In Anniston, the increased competence has come by subtraction. John Spain, the Ward 1 councilman, stepped down late last year after a tenure drenched in controversy. His replacement, Jay Jenkins, has been like a breath of fresh air, one free of grandstanding, hot invective and petty sniping at colleagues.
This week, David Dawson, the councilman from Ward 4, resigned from the council. Dawson, who is out of work and facing a sexual harassment lawsuit, was never the council’s bomb-thrower. He had the city’s best interest at heart, but whatever goodwill he brought to the mix was overwhelmed by the toxicity of his colleagues.
Dawson’s least attractive role was as enabler, specifically in his reluctance to put a stop to the Grand Inquisition of 2010. That exercise in time-wasting and score-settling is one of the lowest points for the current council. Picking one low point out of all the threats, lawsuits, physical confrontations, shouts and insults is a depressing exercise. Better to dismiss the last three years as a lost cause.
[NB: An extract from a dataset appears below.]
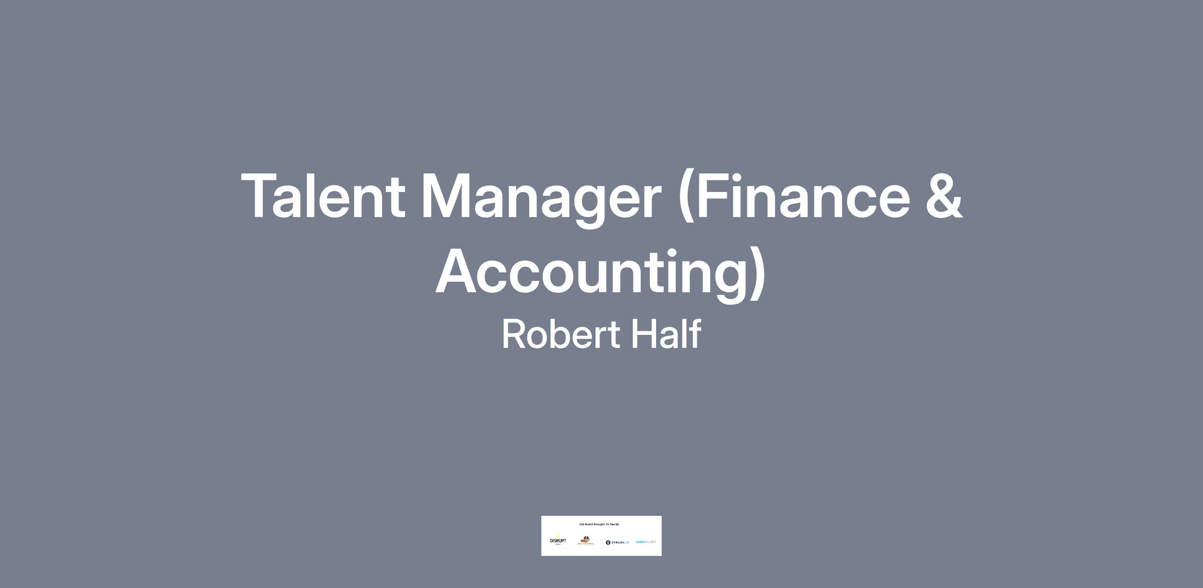Talent Manager (Finance & Accounting)LOCATION

That’s a shame because a city like Anniston didn’t have three years to waste. The chore of growing a city is an endless battle. To pause — as Anniston’s City Council did because of internal friction — is to do something worse than standing still; by bogging down the city moved backwards as other local governments found a way to rise above petty differences in the interest of progress.
Anniston’s path to prosperity is found in following suit. The city’s leadership — from its churches, civic groups, nonprofits, businesses and government — must get on the same page. A general consensus on the top three priorities must be agreed upon. Then the message must be spread far and wide.
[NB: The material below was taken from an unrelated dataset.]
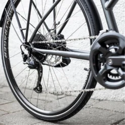 - Shimano drivetrain with 18 speeds and a wide range of gearing so you’re never pedalling too hard or too soft
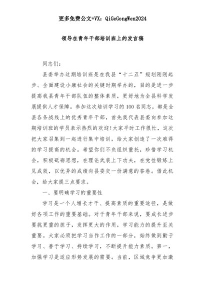 【七哥公文】2025年:领导在青年干部培训班上的发言稿+更多免费公文+VX:QiGeGongWen2024+更多免费公文+VX:QiGeGongWen2024

A good starting point for three areas of emphasis would be schools, safe streets and economic development, particularly at McClellan. Those aren’t the only issues facing Anniston, but those are three that everyone should be able to agree on. Who wants bad public schools? Who wants more crime? Who doesn’t want to see the city bring jobs and people to town through development?
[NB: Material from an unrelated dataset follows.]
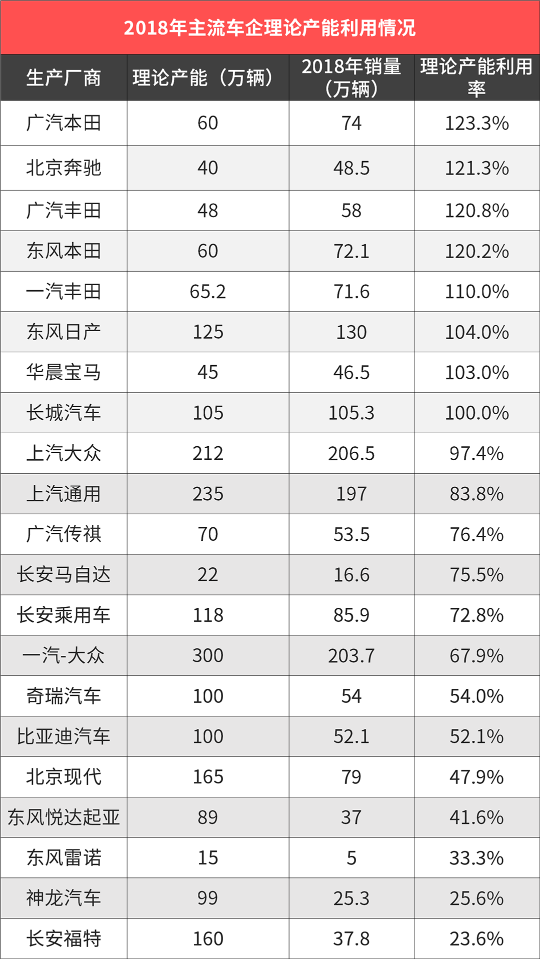 据悉,2017年中国汽车行业的产能(包含在建产能)就在6400万辆左右,而2018年汽车年产量仅仅2780万辆,产能利用率仅仅不到45%。理论上产能低于80%就处于不健康状态,而从2018年的表现来看,我们熟悉的长安、奇瑞、北京现代、比亚迪、东风悦达起亚等多家车企产能利用率都低于80%,甚至向来在国内十分吃香的一汽大众也仅仅67.9%。

Once the city has settled on its top three priorities, it must search for ways to reach its goals. This isn’t a job to assign to a city council. It’s one where the work must be shared. Yes, the Anniston City Council plays an important role, but voters can’t merely outsource the work to five politicians. Everyone in Anniston has work to do.
The search for Dawson’s replacement is a fresh reminder that is most needed on the Anniston City Council are leaders who can move the city forward.